If we bring a flat screen TV over to Spain from the uk, will it work?

Thanks


----------



## Stravinsky (Aug 12, 2007)

Peter & Fiona said:


> Hi,
> 
> If we bring a flat screen TV over to Spain from the uk, will it work?
> 
> Thanks


Yes it will


----------



## Sarkyparky (May 17, 2008)

Stravinsky said:


> Yes it will


Were you in a rush when you replied lol?


----------



## Stravinsky (Aug 12, 2007)

Sarkyparky said:


> Were you in a rush when you replied lol?
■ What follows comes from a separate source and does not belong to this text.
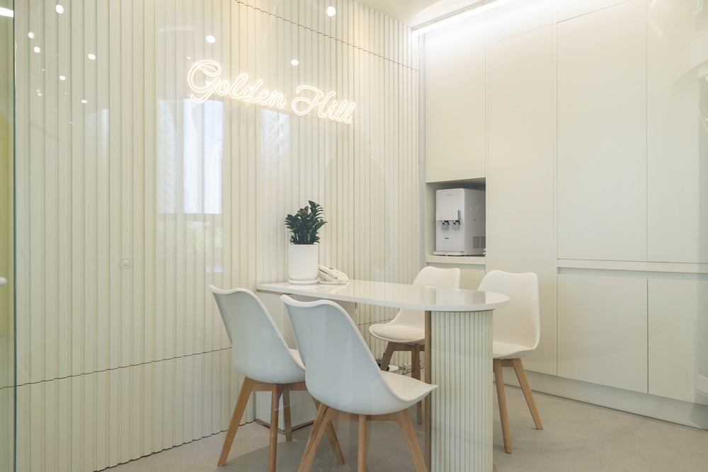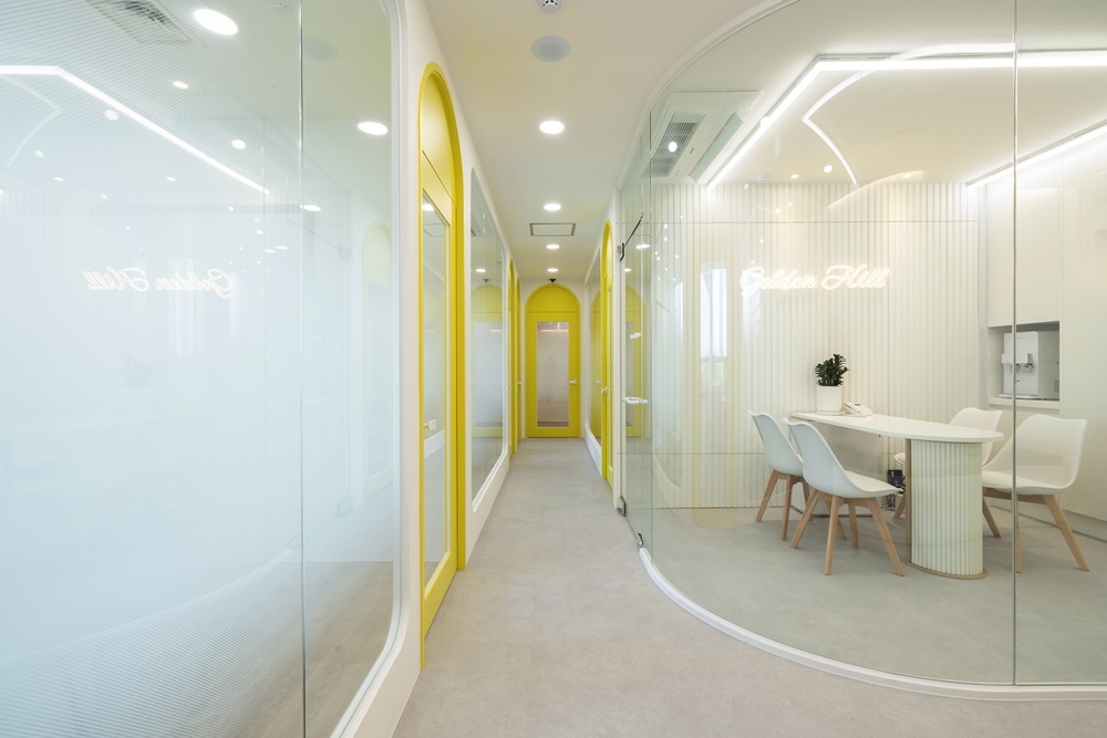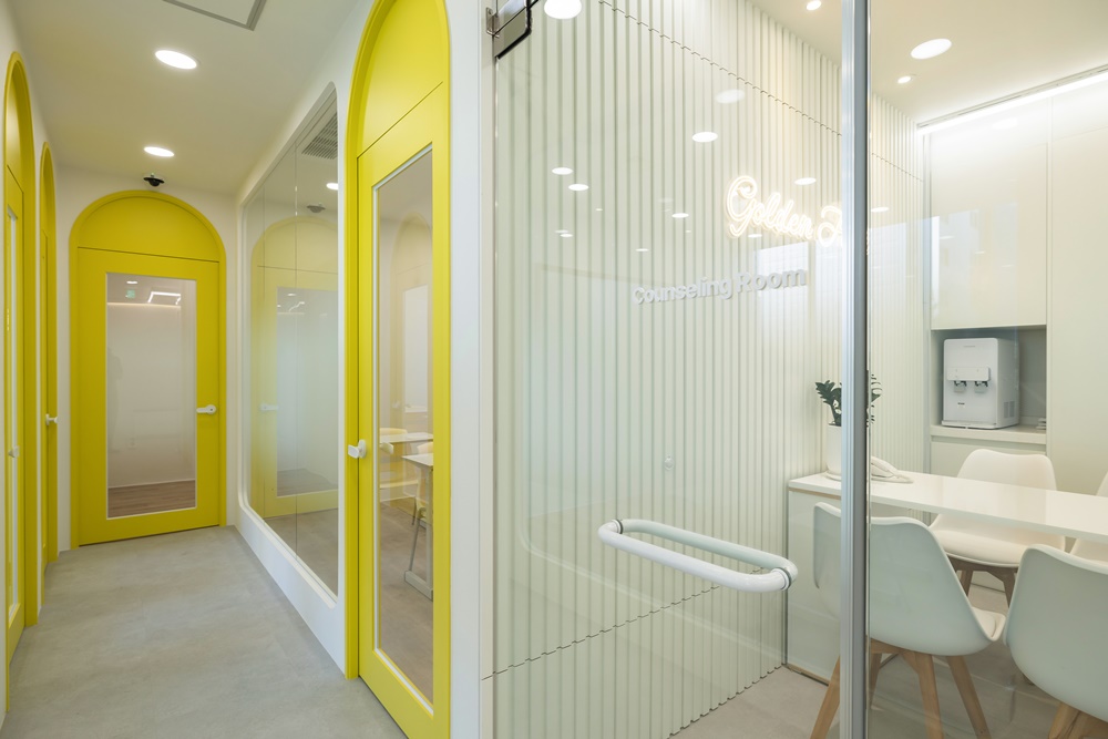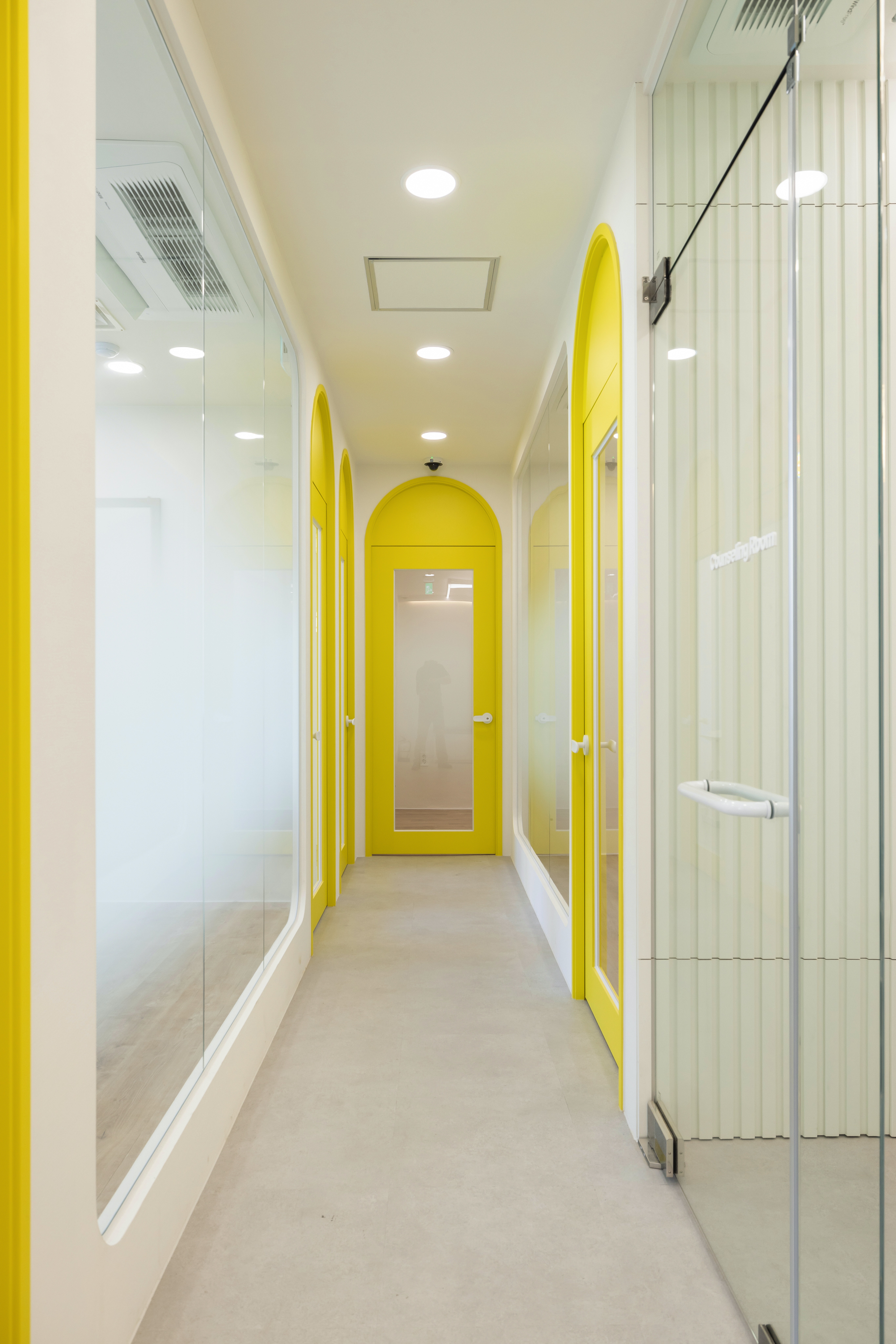 라운드 유리가벽 디자인으로 공간을 분리하면서도 개방감 있게 연출하였고, 노란색 출입문으로 감각을 더한 예쁜 영어 교습소였습니다.

Heh heh .... well what more can you say really


----------



## Sarkyparky (May 17, 2008)

Stravinsky said:


> Heh heh .... well what more can you say really


You could have put a full stop there!


----------



## Peter & Fiona (Apr 24, 2008)

Oh - there you are - I din't realise I had pressed the button to send. 
Blond!!!
Thanks for the info about the TV. 

We are getting very excited now about moving there to sing. any contacts would be useful...depending on where you are of course - we will be in Torrieveja.
This forum is really useful. Thanks for your help.


----------



## STD MATTY (May 17, 2008)

Peter & Fiona said:


> Hi,
> 
> If we bring a flat screen TV over to Spain from the uk, will it work?
> 
> Thanks


It might get the odd shift in a bar, but unless it speaks Spanish and has a good trade you wouldn't be able to survive on it's income alone.

HTH

SM


----------



## Sarkyparky (May 17, 2008)

STD MATTY said:


> It might get the odd shift in a bar, but unless it speaks Spanish and has a good trade you wouldn't be able to survive on it's income alone.
> 
> HTH
> 
> SM


Ha ha ha ha ha!


----------